Thursday, 17 October 2019

Fail Better

Sharing this story by Venerable Pema Chodron. Hope it gives us a boost whenever we are down and out, feeling despondent and dejected in life.  Hope we fail better....

Pema Chodron had an interview with Naropa University’s founder, Chögyam Trungpa Rinpoche, and it was during the time when her life was completely falling apart, and she went there because she wanted to talk about the fact that she was feeling like such a failure and so raw.

But when she sat down in front of him, he said, “How is your meditation?”

She replied, “Fine.”

And then they just started talking, superficial chatter, until he stood up and said, “It was very nice to meet you,” and started walking me to the door. In other words, the interview was over.

And so at that point, realizing the interview was over, Pema Chodron just blurted out her  whole story:

My life is over. 
I have hit the bottom.
I don’t know what to do.
Please help me.

And here is the advice Trungpa Rinpoche gave. He said, “Well, it’s a lot like walking into the ocean, and a big wave comes and knocks you over. And you find yourself lying on the bottom with sand in your nose and in your mouth. And you are lying there, and you have a choice. You can either lie there, or you can stand up and start to keep walking out to sea.”

So, basically, you stand up, because the “lying there” choice equals dying. Metaphorically lying there is what a lot of us choose to do at that point.
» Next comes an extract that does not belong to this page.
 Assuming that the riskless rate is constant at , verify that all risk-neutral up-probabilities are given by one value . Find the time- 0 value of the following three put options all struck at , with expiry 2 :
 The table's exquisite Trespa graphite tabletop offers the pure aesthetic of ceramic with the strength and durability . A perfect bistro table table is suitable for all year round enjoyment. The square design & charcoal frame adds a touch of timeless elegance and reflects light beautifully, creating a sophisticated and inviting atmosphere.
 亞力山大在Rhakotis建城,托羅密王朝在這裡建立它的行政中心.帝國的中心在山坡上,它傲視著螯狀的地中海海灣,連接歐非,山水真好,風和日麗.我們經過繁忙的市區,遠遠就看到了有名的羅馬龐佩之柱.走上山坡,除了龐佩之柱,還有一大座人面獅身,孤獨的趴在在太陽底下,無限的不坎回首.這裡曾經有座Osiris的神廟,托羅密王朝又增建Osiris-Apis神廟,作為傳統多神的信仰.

But you can choose to stand up and start walking, and after a while another big wave comes and knocks you down.

You find yourself at the bottom of the ocean with sand in your nose and sand in your mouth, and again you have the choice to lie there or to stand up and start walking forward. 
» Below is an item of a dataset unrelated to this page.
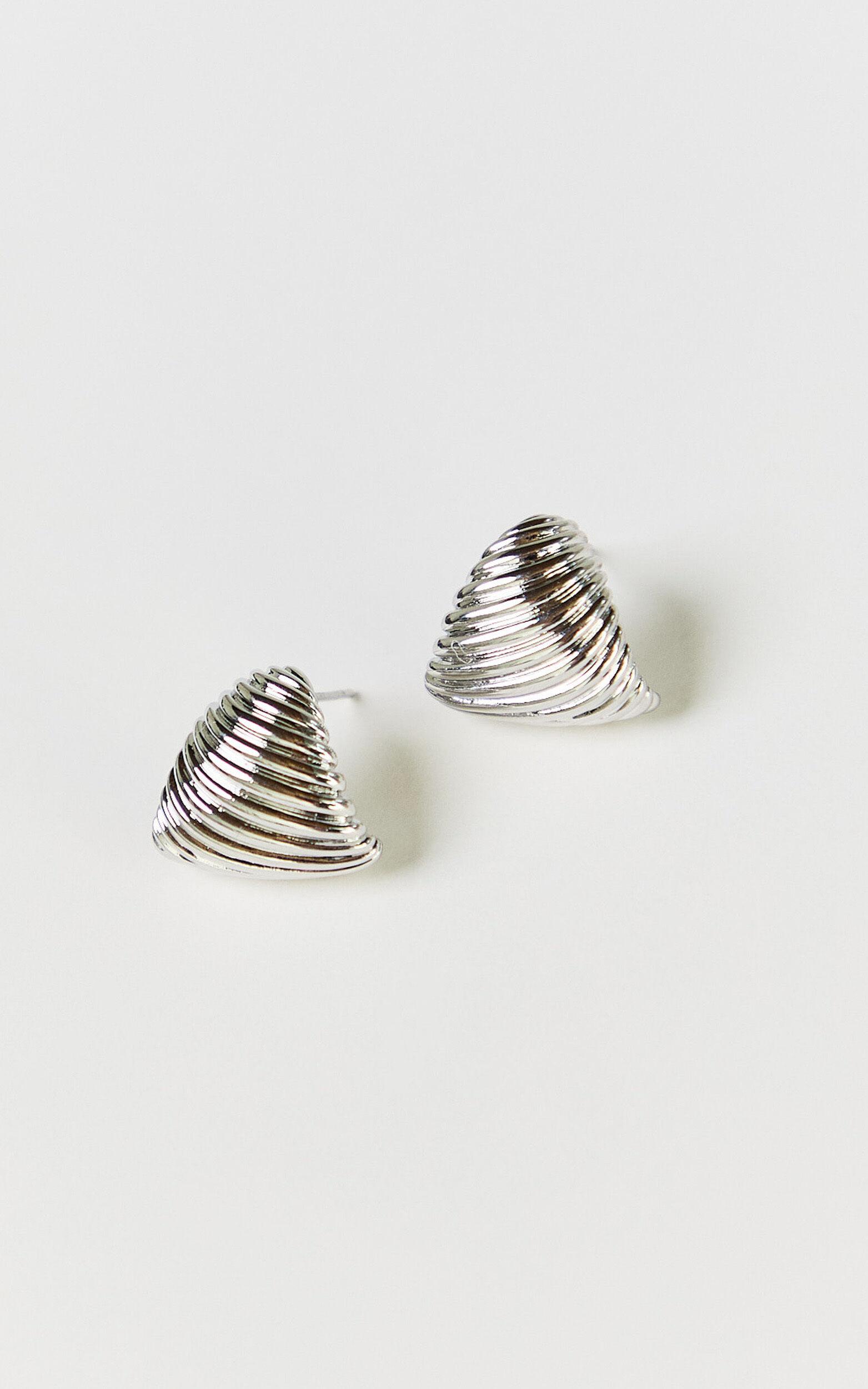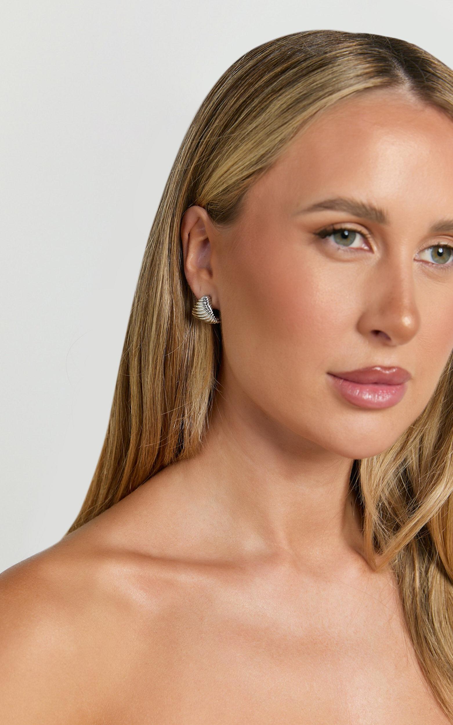Rhianna Earrings - Ridge Stud Earrings in Silver

“So the waves keep coming,” he said. “And you keep cultivating your courage and bravery and sense of humor to relate to this situation of the waves, and you keep getting up and going forward.”

This was his advice to her.

Trungpa then said, “After a while, it will begin to seem to you that the waves are getting smaller and smaller. And they won’t knock you over anymore.”

That is good life advice.

It isn’t that the waves stop coming; it’s that because you train in holding the rawness of vulnerability in your heart, the waves just appear to be getting smaller and smaller, and they don’t knock you over anymore.

“Fail better” means you begin to have the ability to hold what I call “the rawness of vulnerability” in your heart.

Fail, then fail again, and then maybe you start to work with some of the things I’m saying. And when it happens again, when things don’t work out, you fail better. In other words, you are able to work with the feeling of failure instead of shoving it under the rug, blaming it on somebody else, coming up with a negative self-image—all of those futile strategies.

“Fail better” means you begin to have the ability to hold what I call “the rawness of vulnerability” in your heart, and see it as your connection with other human beings and as a part of your humanness. Failing better means when these things happen in your life, they become a source of growth, a source of forward, a source of, “out of that place of rawness you can really communicate genuinely with other people.”

Your best qualities come out of that place because it’s unguarded and you’re not shielding yourself. Failing better means that failure becomes a rich and fertile ground instead of just another slap in the face. That’s why, in the Trungpa Rinpoche story that I shared, the waves that are knocking you down begin to appear smaller and have less and less of an ability to knock you over. And actually maybe it is the same wave, maybe it’s even a bigger wave than the one that hit last year, but it appears to you smaller because of your ability to swim with it or ride the wave.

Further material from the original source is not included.